11F

Risk Management for Qualifying Infrastructure Investments or Qualifying Infrastructure Corporate Investments

11F.1

A firm must conduct adequate due diligence prior to making a qualifying infrastructure investment or a qualifying infrastructure corporate investment, including all of the following:

  1. (1) a documented assessment of how the infrastructure entity satisfies the criteria set out in Solvency Capital Requirement – Standard Formula 3D2 and 3D3, which has been subject to a validation process, carried out by persons that are free from influence from those persons responsible for the assessment of the criteria, and have no potential conflicts of interest with those persons; and
  2. (2) a confirmation that any financial model for the cash-flows of the infrastructure entity has been subject to a validation process carried out by persons that are free from influence from those persons responsible for the development of the financial model and have no potential conflicts of interest with those persons.

11F.2

A firm with a qualifying infrastructure investment or a qualifying infrastructure corporate investment must regularly monitor and perform stress tests on the cash-flows and collateral values supporting the infrastructure entity.

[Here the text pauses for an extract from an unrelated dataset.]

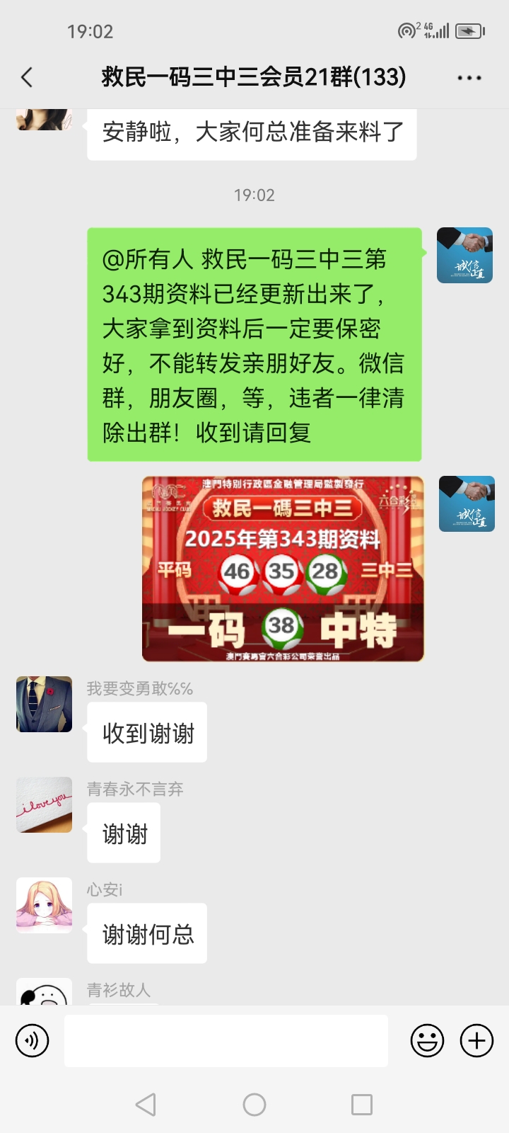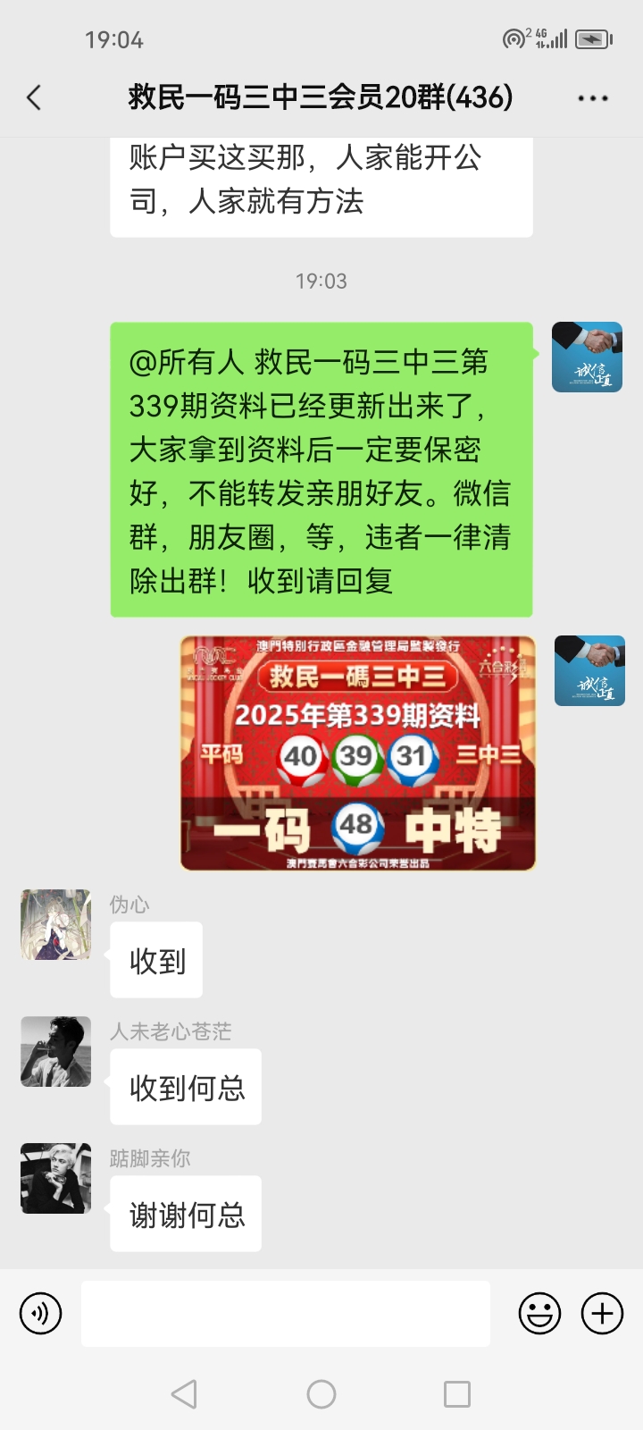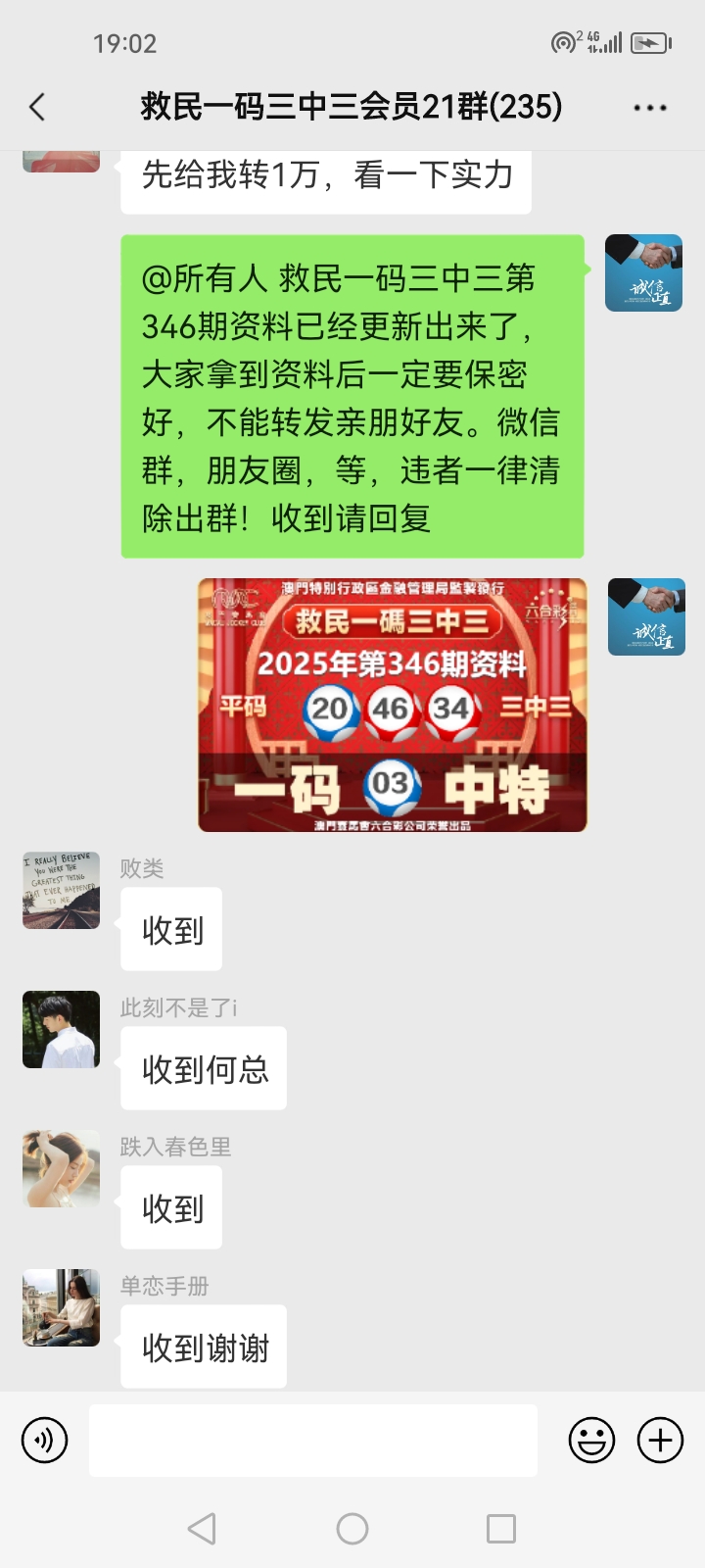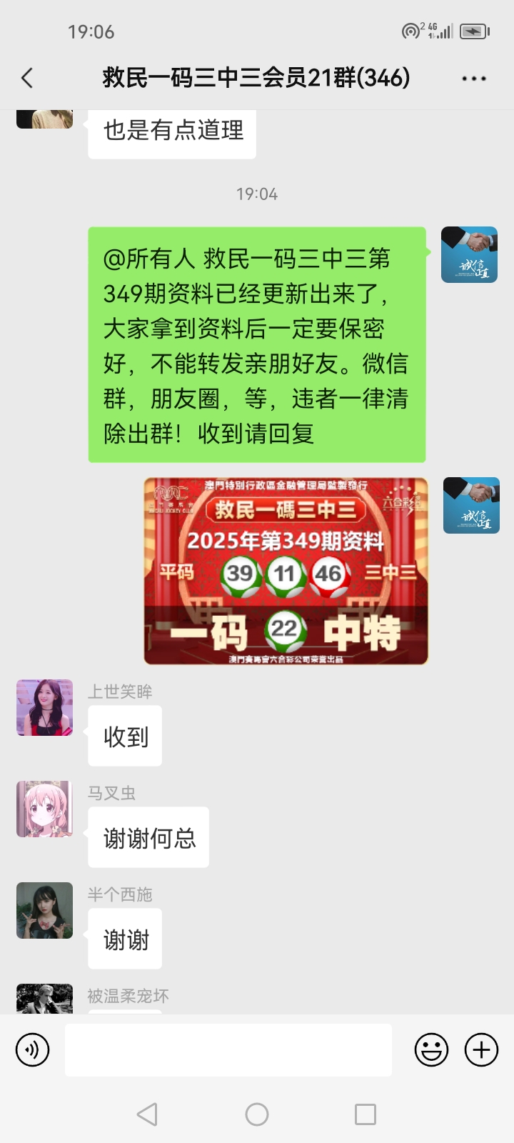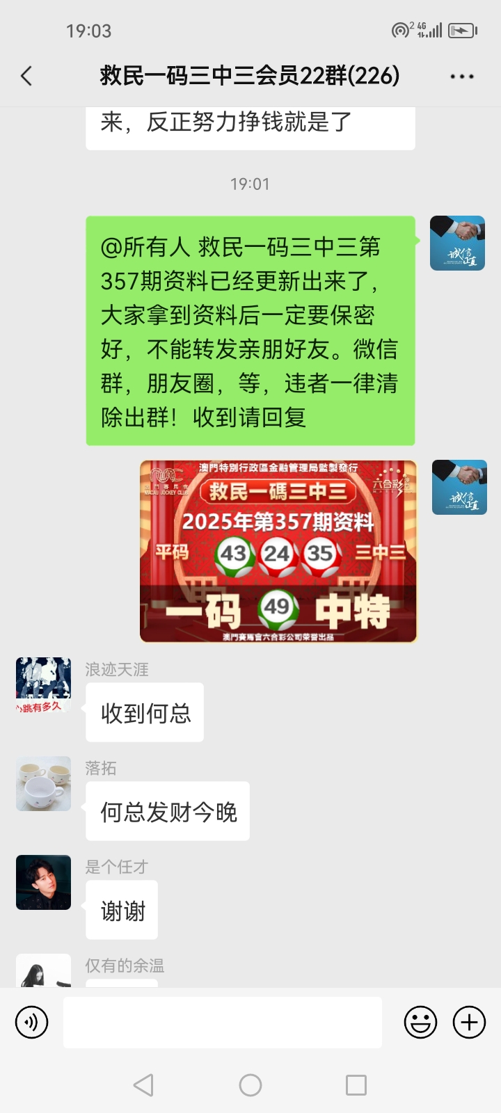 3.要是我们给这个几期,那个又给几期,今天你来要资料,明天你老婆来要,你妈妈又来要……这样就会换来很多不务正业的人,换着电话来问资料,然后利用我们的资料去赚钱,那他们就不想工作了,整天只想去找外围庄家下注赚钱就可以了,那我们这次救民活动就没什么意义了,那么社会就会比现在更加乱,希望大家可以理解。

Any stress tests must be commensurate with the nature, scale and complexity of the risk inherent in the infrastructure project.

11F.3

A firm should ensure that the stress testing considers risks arising from non-infrastructure activities, but the revenues generated by such activities must not be taken into account when determining whether the infrastructure entity is able to meet its financial obligations.

11F.4

Where a firm holds material qualifying infrastructure investments or qualifying infrastructure corporate investments, it must, when establishing the written procedures referred to in 2.4(1) include provisions for an active monitoring of such investments during the construction phase, and for a maximisation of the amount covered from such investments in case of a work-out scenario.

11F.5

A firm with a qualifying infrastructure investment or a qualifying infrastructure corporate investment in bonds or loans must set up its asset-liability management to ensure that, on an ongoing basis, it is able to hold the investment to maturity.